Early-Tang scholar-monk and member of 玄奘 Xuánzàng’s inner translation circle. The DILA Buddhist Studies Person Authority gives his head-name as 靜邁 with 靖邁 as the alternate; both characters appear in Tang sources. Native of Zǐtóng 梓潼 (in modern Sìchuān). Originally resident at the Fújù Monastery 福聚寺 in Jiǎnzhōu 簡州.
Lifedates unknown. The conventional floruit given here (645–680) covers his attested participation in Xuánzàng’s bureau. In Zhēnguān 19 (645), when Xuánzàng returned from India and was commissioned by Tàizōng to lead the imperial translation programme at the newly built Hóngfú Monastery 弘福寺 (later supplemented by Dàcí’ēnsì 大慈恩寺 from 648), eleven monks “deeply learned in both Mahāyāna and Hīnayāna scriptures and revered by the world” were summoned to serve as Zhèngyì dàdé 證義大德 (“Authenticators of the Sense”); Jìngmài was one of them. He took up residence at Dàcí’ēnsì and worked alongside Pǔguāng 普光, Qīxuán 棲玄, Míngjùn 明濬, Biànjī 辯機, and Dàoxuān 道宣 as a zhuìwén 綴文 (“compositional editor”) in the team that produced the Běnshì jīng 本事經 (T765, 7 juan) and other early-period Xuánzàng translations.

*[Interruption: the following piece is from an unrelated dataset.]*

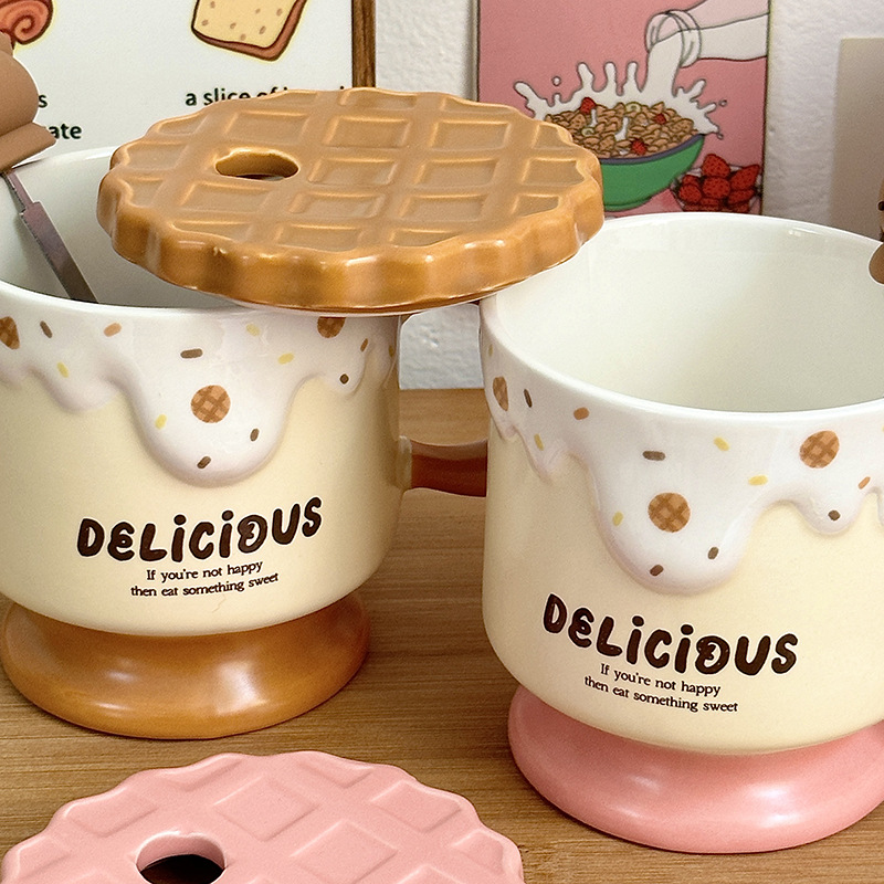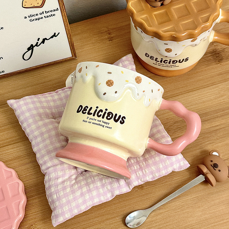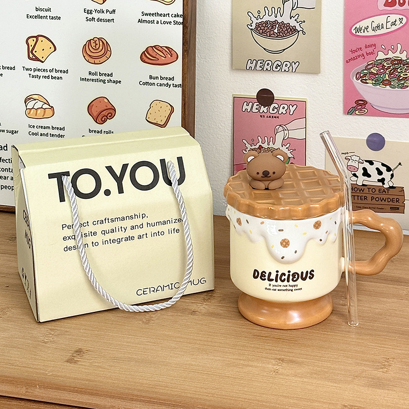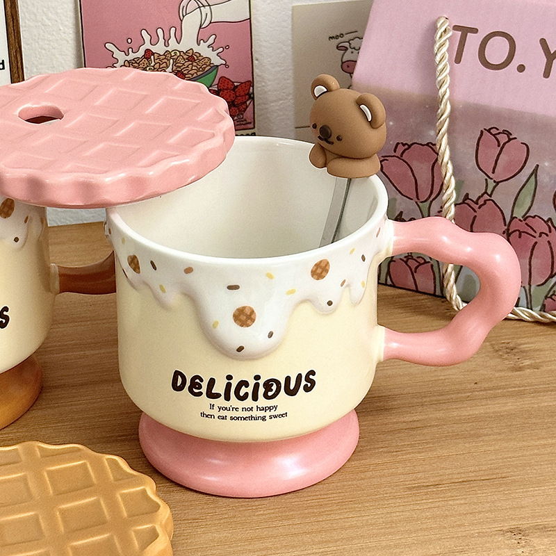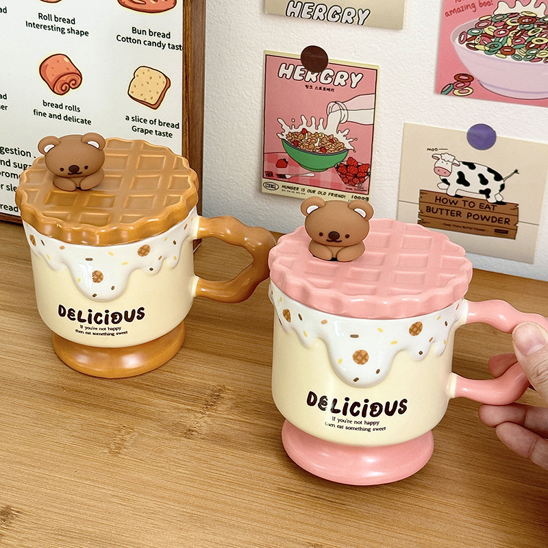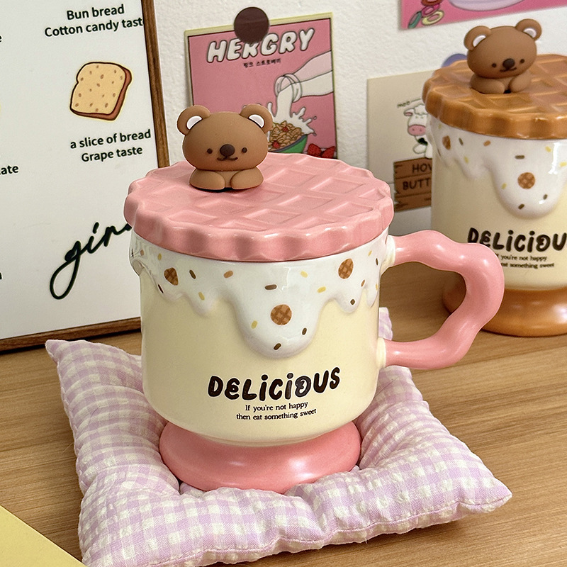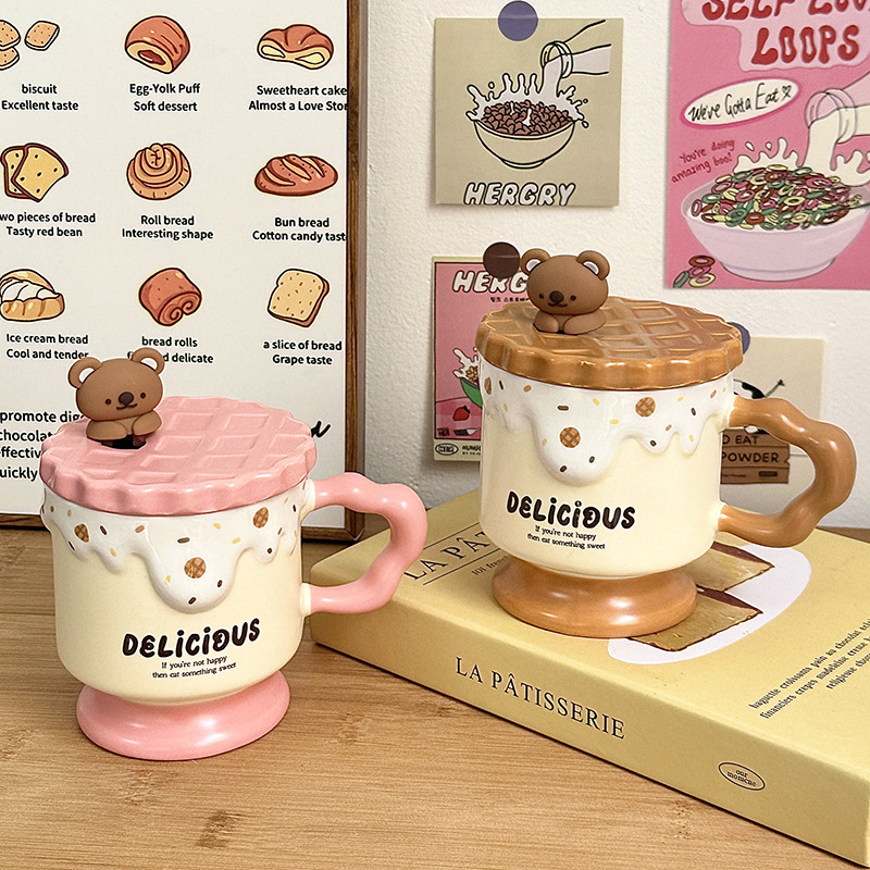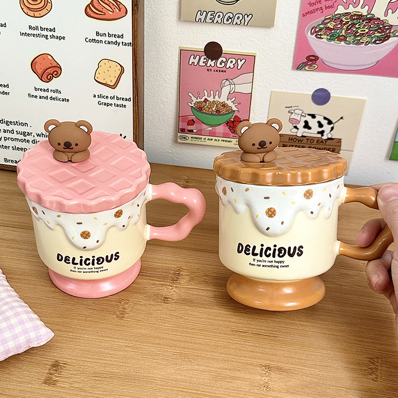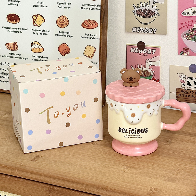 Oso taza de pie alto con regalo de cumpleaños taza de café taza de agua para mujer taza de cerámica de alto valor con tapa taza de cuchara

His attested independent works include this present Bōrě xīnjīng shū 般若心經疏 (X522 = KR6c0143) and the Gǔjīn yìjīng tújì 古今譯經圖紀 (T2151, 4 juan) — the latter a foundational catalogue of Chinese Buddhist translation history from An Shigao 安世高 down to Xuánzàng’s own time. The Tújì is one of the major sources for the chronology of the early Chinese Buddhist canon and was incorporated into Zhìshēng’s Kāiyuán shìjiào lù 開元釋教錄 of 730.
He is one of the central documentary figures of mid-Tang Buddhist canonology, a witness to Xuánzàng’s translation operation from the inside, and a bibliographer whose work shaped the Tang and Sòng canonical inventories.